Now consider a deterministic linear search algorithm, which we refer to as \(\text{DETERMINISTIC-SEARCH}\). Specifically, the algorithm searches \(A\) for \(x\) in order, considering \(A[1], A[2], A[3], \ldots, A[n]\) until either it finds \(A[i] = x\) or it reaches the end of the array. Assume that possible permutations of the input array are equally likely.

e. Suppose that there is exactly one index \(i\) such that \(A[i] = x\). What is the average-case running time of \(\text{DETERMINISTIC-SEARCH}\)? What is the worst-case running time of \(\text{DETERMINISTIC-SEARCH}\)?

f. Generalizing your solution to part (e), suppose that there are \(k \ge 1\) indices \(i\) such that \(A[i] = x\). What is the average-case running time of \(\text{DETERMINISTIC-SEARCH}\)? What is the worst-case running time of \(\text{DETERMINISTIC-SEARCH}\)? Your answer should be a function of \(n\) and \(k\).

g. Suppose that there are no indices \(i\) such that \(A[i] = x\). What is the average-case running time of \(\text{DETERMINISTIC-SEARCH}\)? What is the worst-case running time of \(\text{DETERMINISTIC-SEARCH}\)?

Finally, consider a randomized algorithm \(\text{SCRAMBLE-SEARCH}\) that works by first randomly permuting the input array and then running the deterministic linear search given above on the resulting permuting array.

h. Letting \(k\) be the number of indices \(i\) such that \(A[i] = x\), give the worst-case and expected running time of \(\text{SCRAMBLE-SEARCH}\) for the cases in which \(k = 0\) and \(k = 1\). Generalizing your solution to handle the case in which \(k \ge 1\).

i. Which of the three searching algorithms would you use? Explain your answer.

a.

C++
1
2
3
4
5
6
7
8
9
RANDOM-SEARCH(x, A, n)
    v = Ø
    while |Ø| != n
        i = RANDOM(1, n)
        if A[i] = x
            return i
        else
            v = v  i
    return NIL

\(v\) can be implemented in multiple ways: a hash table, a tree or a bitmap. The last one would probabily perform best and consume the least space.

b. \(\text{RANDOM-SEARCH}\) is well-modelled by Bernoulli trials. The expected number of picks is \(n\).

c. In similar fashion, the expected number of picks is \(n / k\).

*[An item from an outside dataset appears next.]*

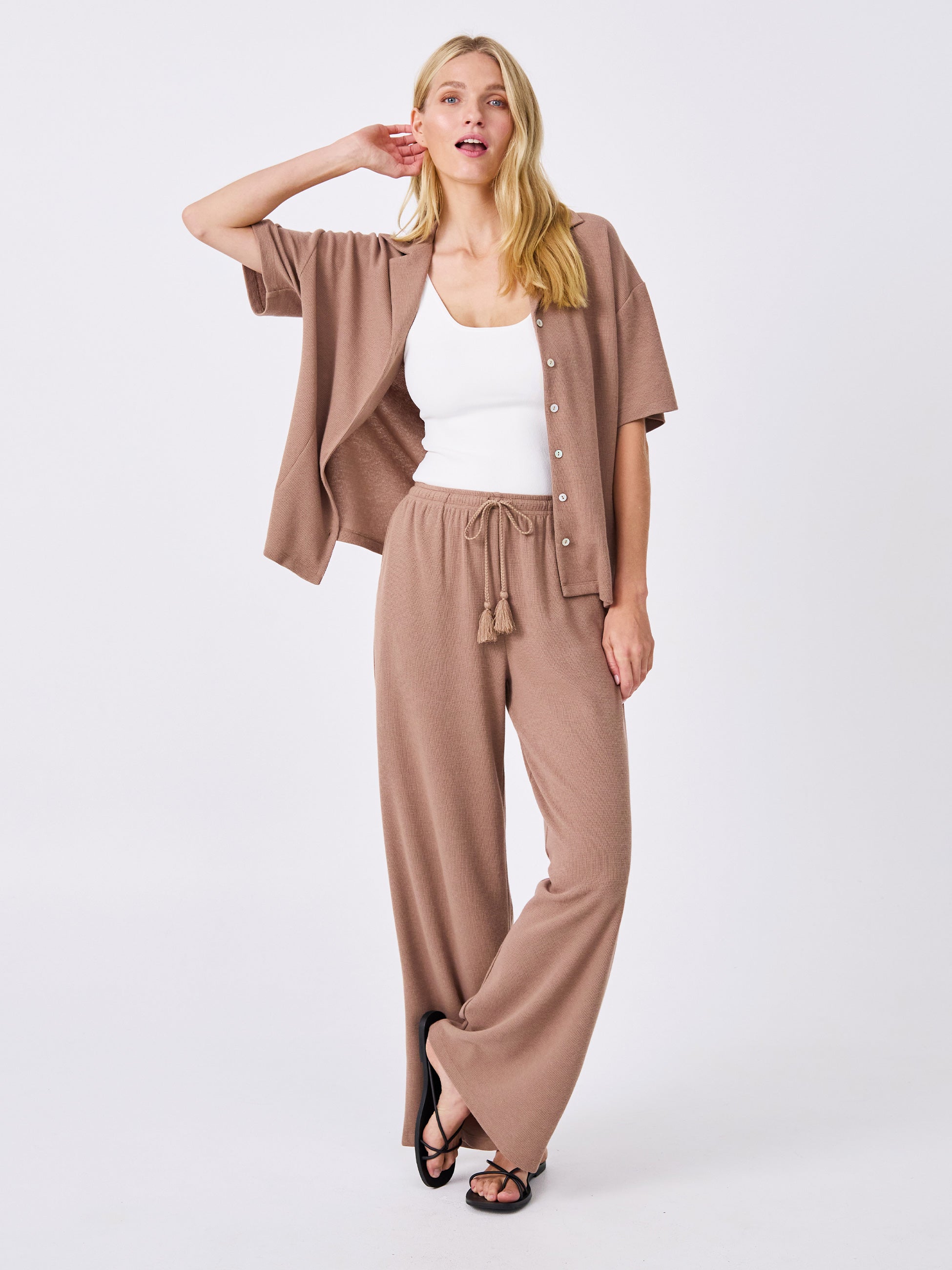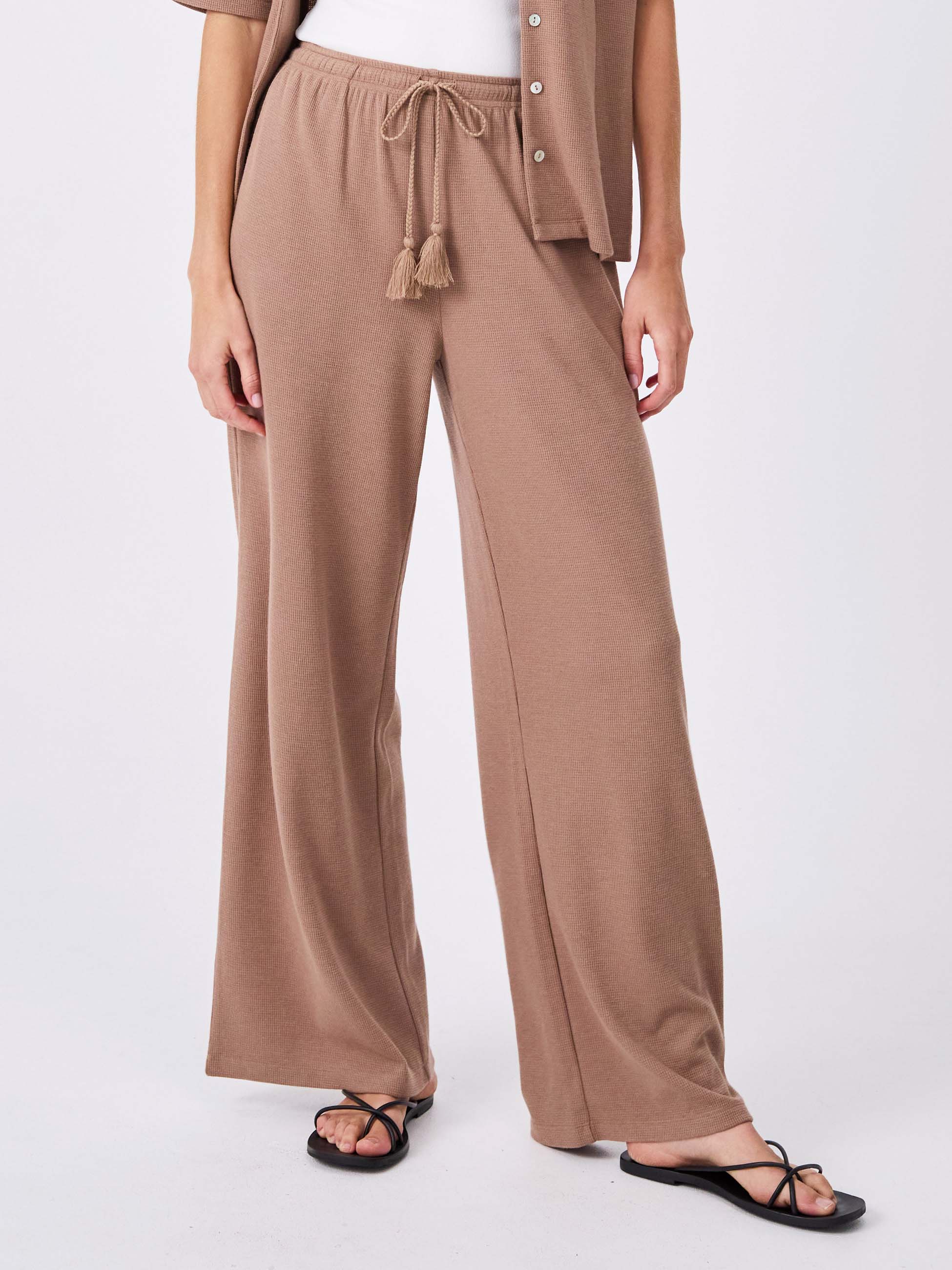 Discover the ultimate blend of comfort and style with our new pants, designed to elevate your everyday wardrobe. These pants feature a soft elastic drawcord waist for a customizable fit, ensuring maximum comfort all day. The deep side pockets are perfect for keeping your essentials close at hand. Crafted from soft waffle texture fabric, these pants provide a luxurious feel against your skin while adding a touch of unique style to your look. Don't miss out on the perfect combination of functionality and fashion.

d. This is modelled by the balls and bins problem, explored in section 5.4.2. The answer is \(n(\ln n + O(1))\).

e. The worst-case running time is \(n\). The average-case is \((n + 1) / 2\) (obviously).

f. The worst-case running time is \(n - k + 1\). The average-case running time is \((n + 1) / (k + 1)\). Let \(X_i\) be an indicator random variable that the \(i\)th element is a match. \(\Pr\\{X_i\\} = 1 / (k + 1)\). Let \(Y\) be an indicator random variable that we have found a match after the first \(n - k + 1\) elements (\(\Pr\\{Y\\} = 1\)). Thus,

\[ \begin{aligned} \text E[X] & = \text E[X_1 + X_2 + \ldots + X_{n - k} + Y] \\\\ & = 1 + \sum_{i = 1}^{n - k}\text E[X_i] = 1 + \frac{n - k}{k + 1} \\\\ & = \frac{n + 1}{k + 1}. \end{aligned} \]

g. Both the worst-case and average case is \(n\).

h. It's the same as \(\text{DETERMINISTIC-SEARCH}\), only we replace "average-case" with "expected".

i. Definitelly \(\text{DETERMINISTIC-SEARCH}\). \(\text{SCRAMBLE-SEARCH}\) gives better expected results, but for the cost of randomly permuting the array, which is a linear operation. In the same time we could have scanned the full array and reported a result.